Генри Миллер родился в Нью-Йорке в 1891 году — через год после смерти Винсента Ван Гога, при жизни продавшего всего несколько картин, и через месяц после смерти Артюра Рембо, написавшего все свои бессмертные стихи ещё в подростковом возрасте. Жизнь и деятельность Миллера стали развитием идеи «проклятого художника» уже в ХХ веке: он преодолел отверженность и безвестность, погубившие Ван Гога, и опроверг формулу Рембо (она утверждает, что гением рождаются, а не становятся, поэтому если ты не открыл в себе гениальность к двадцати годам, то так навсегда и останешься бездарностью). В отличие от Артюра Рембо, Миллер всерьёз взялся за перо, когда ему уже перевалило за тридцать, а первый свой роман издал только после сорока. Как и Ван Гога, его не смутили долгие годы работы в стол и бедность, которую Миллеру со скрипом удалось победить только после пятидесяти.

Родители Генри Миллера были немецкими эмигрантами, очень далёкими от искусства и метафизики: отец владел ателье мужской одежды, а мать была домохозяйкой, которой приходилось растить не только Генри, но и его умственно отсталую сестру. После окончания школы Генри пошёл работать в ателье к своему отцу по настоянию матери, которая надеялась, что Генри-младшему удастся предотвратить пьянство Генри-старшего, каждый день закладывавшего за воротник. Становиться портным и сиделкой Миллер не собирался, так что вскоре бежал из дома и пустился в путешествие по Западу Америки. Основными развлечениям Генри в ту пору были спорт и регулярное посещение борделей — к двадцати годам он трижды успел переболеть триппером. Когда однажды они с другом ехали в мексиканский бордель в Сан-Диего, Миллер увидел рекламу лекций известной анархистки Эммы Голдман и решил их посещать. Голдман открыла Генри целый мир литературы и философии — Ницше, Достоевского, Ибсена и других. Эти лекции заронили в Генри семя культуры, которое решительным образом поменяло курс его жизни — но не сразу.

К двадцати шести годам Генри вернулся в Нью-Йорк и женился в первый раз, а через год у него родилась дочь. В поисках пропитания для молодой семьи Генри работал кондуктором, мусорщиком, библиотекарем, страховым агентом, продавцом книг, а в итоге оказался клерком в почтовом отделении «Вестерн Юнион» и осел там на целых пять лет. К тридцати годам он был очень далёк от того, чтобы стать писателем или художником, о существовании которых знал разве что по книгам.
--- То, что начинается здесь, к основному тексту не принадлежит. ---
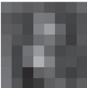
Рис. 3. Зменшене та знебарвлене зображення

Для позбавлення від високих частот зменшено вихідне зображення (відповідно до процедури хеш-методу). В даному прикладі зображення зменшується до розмірності 8x8. Зменшене зображення потім знебарвлюється (переводяться в градації сірого, що істотно скорочує розмір хешу). Зменшене і знебарвлене зображення представлено на рис. 3.
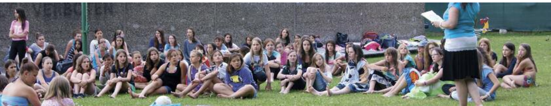
Girls pool night

Das riesige Engagement für den jungen Verein der damals noch zahlreichen Vorstandsmitglieder, die verschiedene Institutionen und Vereine zum Thema Kinder und Jugend vertraten, hat mich zutiefst beeindruckt.
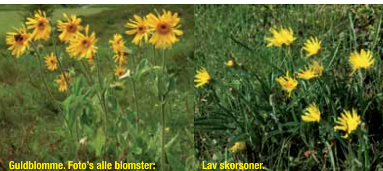
Guldblomme. Foto's alle blomster:

ejes og drives af Naturstyrelsen Midtjylland. Mere information findes på www.naturstyrelsen.dk/Lokalt/Midtjylland/, tlf. 75 80 00 07.
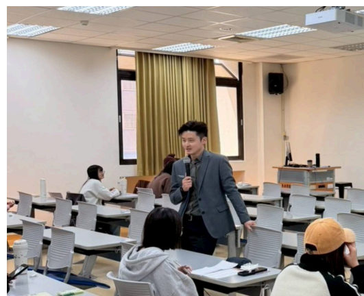
講師分享臨床案例

В его тогдашнем круге общения верили в то, что художники и писатели не мрут от голода как мухи, так же слабо, как в существование инопланетян. Но внутри у него сидели лекции Голдман, Ницше, Достоевский и компания, с книгами которых он не расставался все эти годы. К тридцати четырём годам Генри бросил затею быть семейным офисным обывателем и решил вместо этого стать свободным художником, даже если это означало голодную безвестную кончину: «Каждый день люди подавляют в себе инстинкты, желания, порывы, интуицию. Нужно выбраться из [чёртовой] ловушки, в которую попадаешь, и делать то, что хочешь. Но мы говорим себе «нет», у меня жена и дети, об этом лучше не думать. Вот каким образом мы каждый день совершаем самоубийство. Было бы лучше, если бы человек занимался тем, что ему нравится, и терпел неудачу, чем становился преуспевающим ничтожеством. Разве не так?»
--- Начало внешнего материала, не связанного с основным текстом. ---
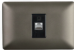
TOMA RED ARMADA RJ45 CAT6E CÓDIGO:4943
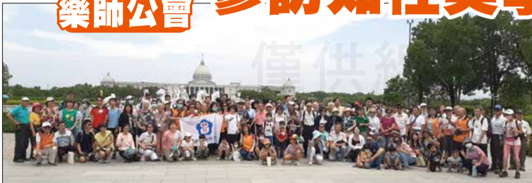
↑彰化縣藥師公會舉辦知性美學奇美之旅。

Основной опорой на новом писательском пути для Миллера стала его вторая жена — Джун Эдит Смит. Именно в постели с Джун его застала первая жена, после чего последовал развод, и именно Джун настояла на том, чтобы Генри ушёл из офиса и посвятил себя творчеству. Оставшийся без денег и без работы Миллер, пользуясь своим коммивояжёрским опытом, ходил от дома к дому и поштучно пытался продать свои напечатанные стихи в прозе. Естественно, ничего не получалось, потому что стихи — это всё-таки не зубные щётки, и нужны далеко не всем. Тогда за продажи взялась Джун и, выдавая стихи за собственные, достаточно успешно стала распространять их в кафе, ресторанах и дансингах, попутно обзаводясь множеством знакомств среди мужчин, которые покупали эти стихи скорее из симпатии к их продавщице, а не от любви к искусству. Один из покупателей — женатый и намного старше Джун — влюбился в неё и заявил, что будет спонсировать написание целого романа, так как не ожидал, что кокетливая и легкомысленная Джун будет способна написать несколько сотен страниц связного текста. Но за писанину ведь отвечал Генри Миллер — так что достаточно скоро роман был закончен, и меценату Джун пришлось выложить на стол обещанную круглую сумму. Миллеры получили 2 000 долларов и отправились в путешествие по Европе, которой суждено было стать настоящей творческой родиной Генри. Роман, обеспечивший ключевое путешествие в жизни писателя, так никогда и не был опубликован, но его название говорит о многом: Генри Миллер впервые попал во Францию благодаря «Взбесившемуся члену».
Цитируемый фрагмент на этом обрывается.